Group experiments in the sequence.

Parameters: group_fn – Function to assign a string group id to the experiment
Returns: A dictionary mapping the sring group id to a sequence of experiments
Return type: dict[str, ExperimentSequence]

class xplogger.parser.experiment.experiment.ExperimentSequenceDict(experiment_sequence_dict: dict[Any, ExperimentSequence])[source]¶

Bases: collections.UserDict

aggregate_metrics(return_all_metrics_with_same_length: bool = True, **kwargs: Any) → dict[str, np.typing.NDArray[np.float32]][source]¶

Aggreate metrics across experiment sequences.

Given a list of metric names, aggreate the metrics across different experiment sequences in a dictionary indexed by the metric name.

Parameters

get_experiment_name (Callable[[str], str]) – Function to map the given key with a name.
metric_names (list[str]) – Names of metrics to aggregate.
x_name (str) – The column/meric with respect to which other metrics are tracked.
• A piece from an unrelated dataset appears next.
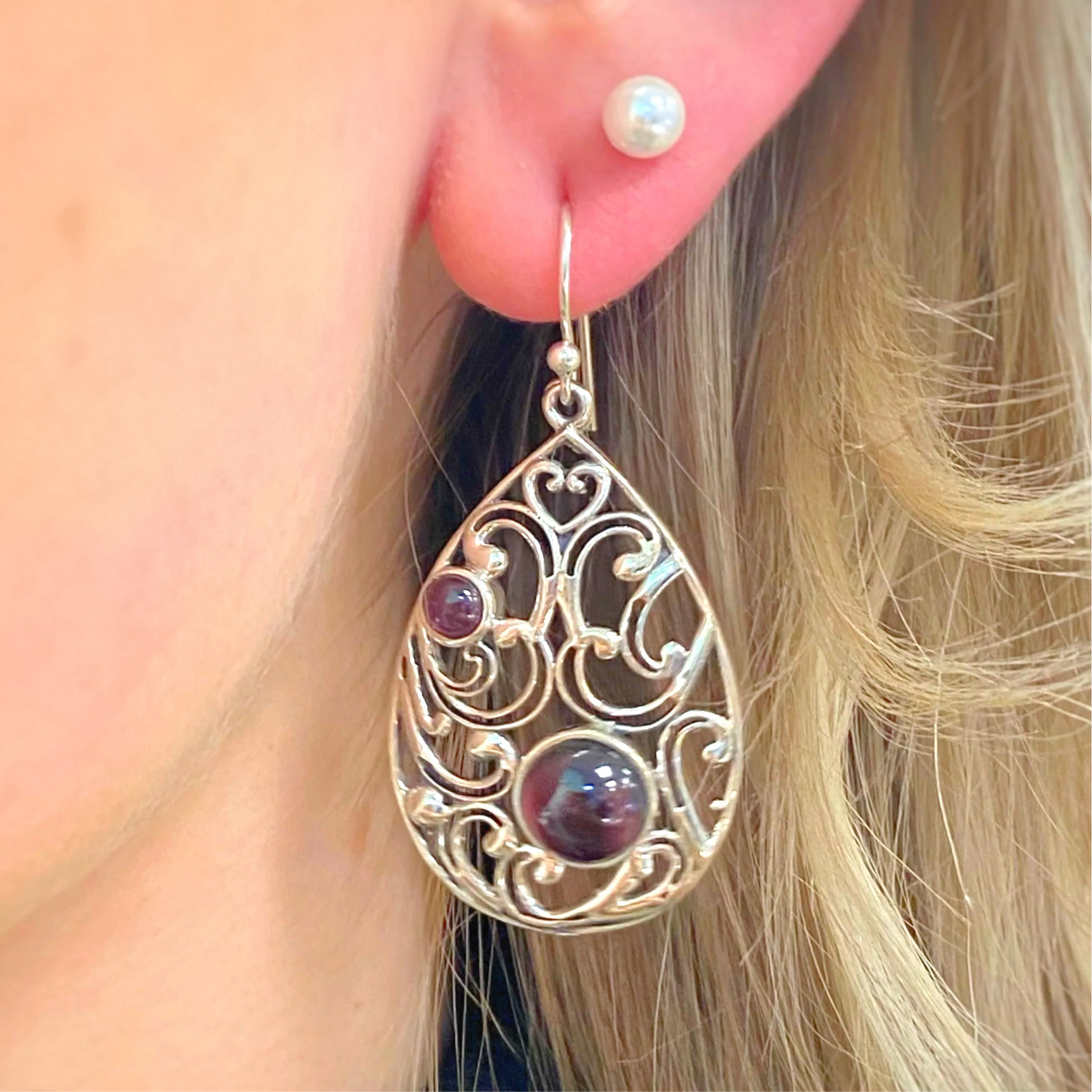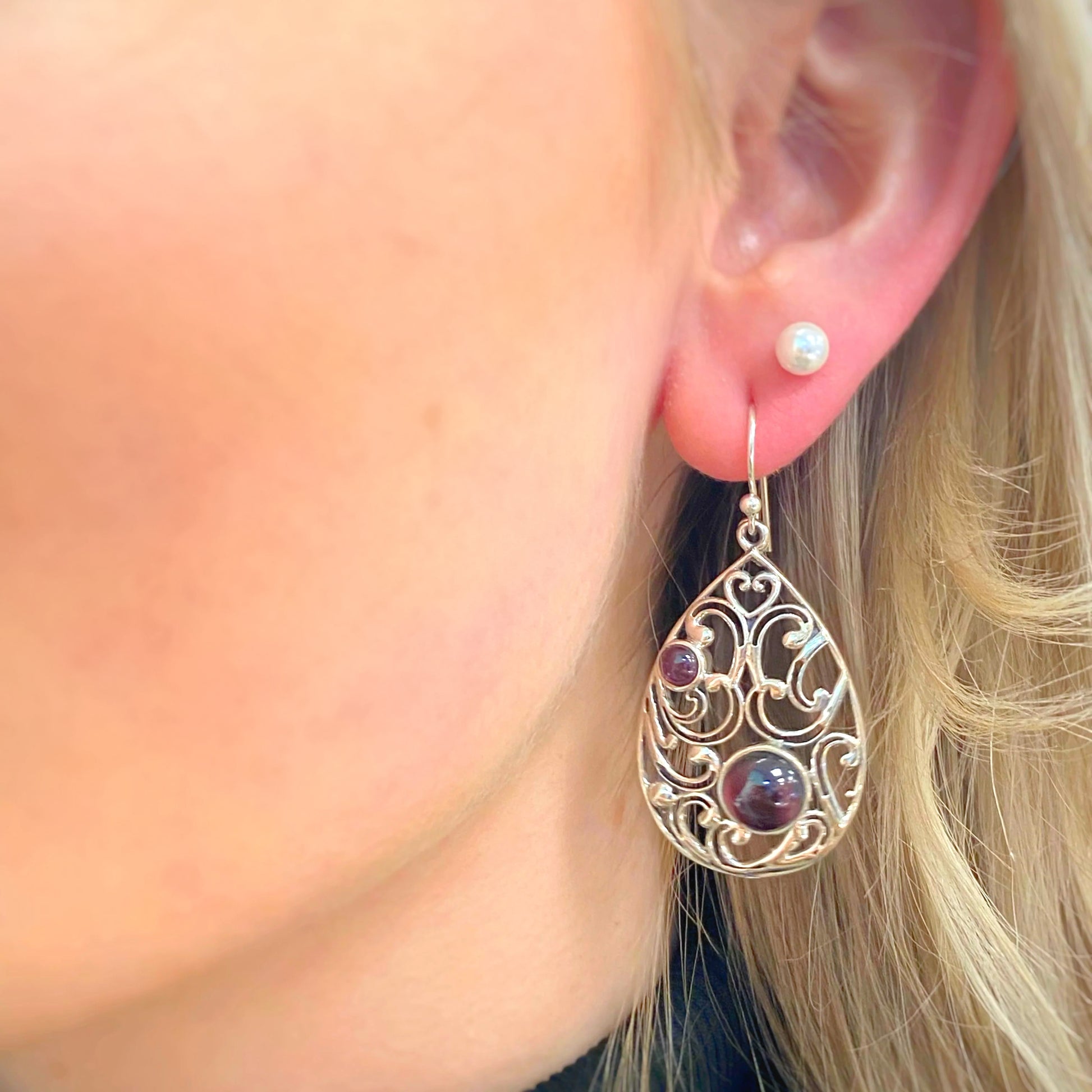 Sterling Silver Red Garnet Organic Style Drop Earrings

For example steps or epochs. This aggregated values for this metric are also returned.
mode (str) – Mode when selecting metrics. Recall that experiment.metrics is a dictionary mapping modes to dataframes.

Returns

dictionary mapping metric name to 2-dimensional: numpy array of metric values. The first dimension corresponds to the experiments and the second corresponds to metrics per experiment.

Return type

dict[str, np.typing.NDArray[np.float32]]

filter(filter_fn: Callable[[str, xplogger.parser.experiment.experiment.Experiment], bool]) → ExperimentSequenceDict [source]¶

Filter experiment sequences in the dict.

Parameters: filter_fn – Function to filter an experiment sequence
Returns: A dict of sequence of experiments for which the filter condition is true
Return type: ExperimentSequenceDict

xplogger.parser.experiment.experiment.deserialize(dir_path: str) → xplogger.parser.experiment.experiment.Experiment [source]¶: Deserialize the experiment data stored at dir_path and return an Experiment object.
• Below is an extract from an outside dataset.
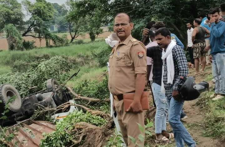 गाजीपुर:तेज रफ़्तार से अनियंत्रित होकर गड्ढे मे पलटा ट्रेलर, ड्राइवर खलासी बाल बाल बचे
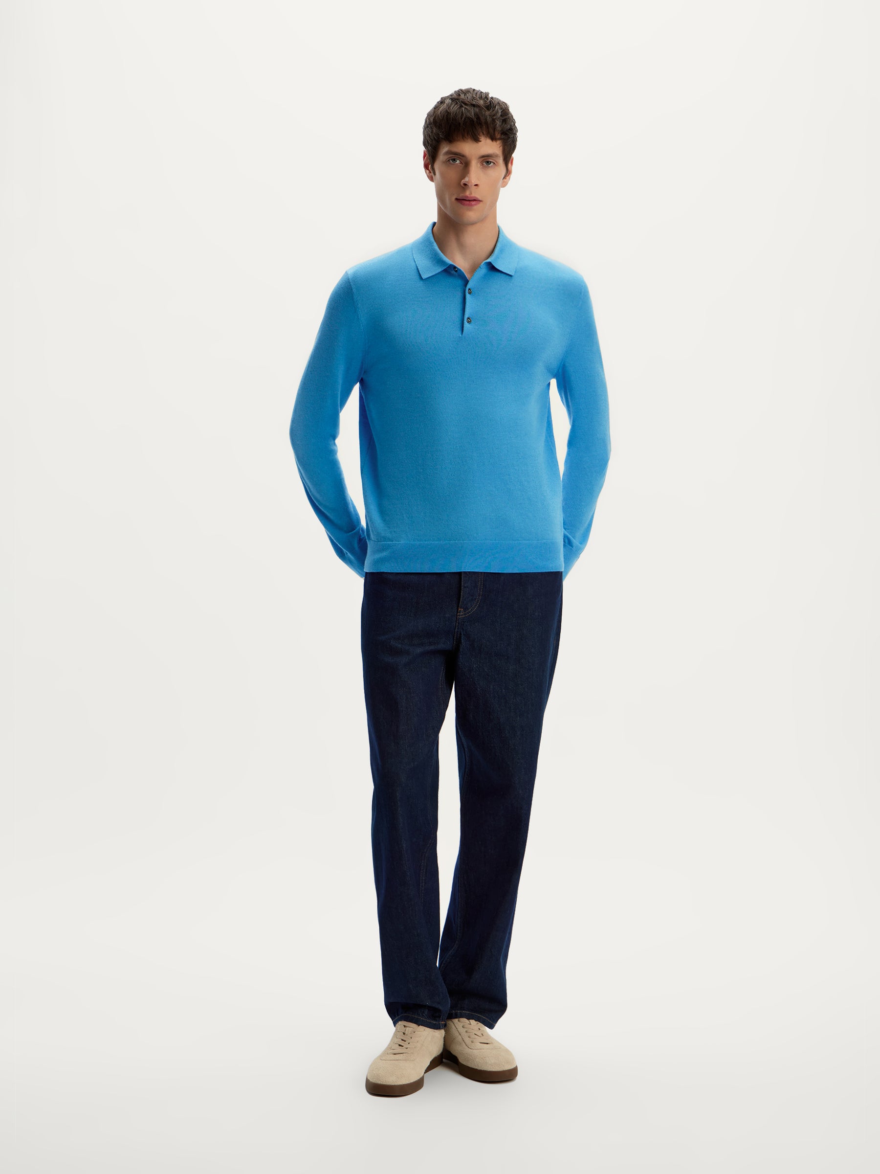 A cosy addition to any look, whatever the season. This jumper, knitted from a tactile blend of merino wool and silk, boasts a classic polo silhouette and a soft feel against the skin. Finished with mother-of-pearl buttons for a sleek touch.

xplogger.parser.experiment.parser module¶

Implementation of Parser to parse experiment from the logs.

class xplogger.parser.experiment.parser.Parser(parse_config_line: Callable[[str], Optional[Dict[str, Any]]] = <function parse_json_and_match_value>, parse_metric_line: Callable[[str], Optional[Dict[str, Any]]] = <function parse_json_and_match_value>, parse_info_line: Callable[[str], Optional[Dict[str, Any]]] = <function parse_json>)[source]¶

Bases: xplogger.parser.base.Parser

Class to parse an experiment from the log dir.

parse(filepath_pattern: Union[str, pathlib.Path]) → xplogger.parser.experiment.experiment.Experiment [source]¶

Load one experiment from the log dir.

Parameters: filepath_pattern (Union[str, Path]) – filepath pattern to glob or instance of Path (directory) object.
Returns: Experiment

xplogger.parser.experiment.utils module¶

Utilit functions to work with the experiment data.

xplogger.parser.experiment.utils.concat_metrics(metric_list: list[ExperimentMetricType]) → ExperimentMetricType[source]¶

Concatenate the metrics.

Parameters: metric_list (list[ExperimentMetricType]) –
Returns: ExperimentMetricType

xplogger.parser.experiment.utils.mean_metrics(metric_list: list[ExperimentMetricType]) → ExperimentMetricType[source]¶

Compute the mean of the metrics.

Parameters: metric_list (list[ExperimentMetricType]) –
Returns: ExperimentMetricType

xplogger.parser.experiment.utils.return_first_config(config_lists: list[list[ConfigType]]) → list[ConfigType][source]¶

Return the first config list, from a list of list of configs, else return empty list.

Parameters: config_lists (list[list[ConfigType]]) –
Returns: list[ConfigType]

xplogger.parser.experiment.utils.return_first_infos(info_list: list[ExperimentInfoType]) → ExperimentInfoType[source]¶

Return the first info, from a list of infos. Otherwise return empty info.

Parameters: info_list (list[ExperimentInfoType]) –
Returns: ExperimentInfoType

xplogger.parser.experiment.utils.sum_metrics(metric_list: list[ExperimentMetricType]) → ExperimentMetricType[source]¶

Compute the sum of the metrics.

Parameters: metric_list (list[ExperimentMetricType]) –
Returns: ExperimentMetricType

Module contents¶

Module to interact with the experiment data.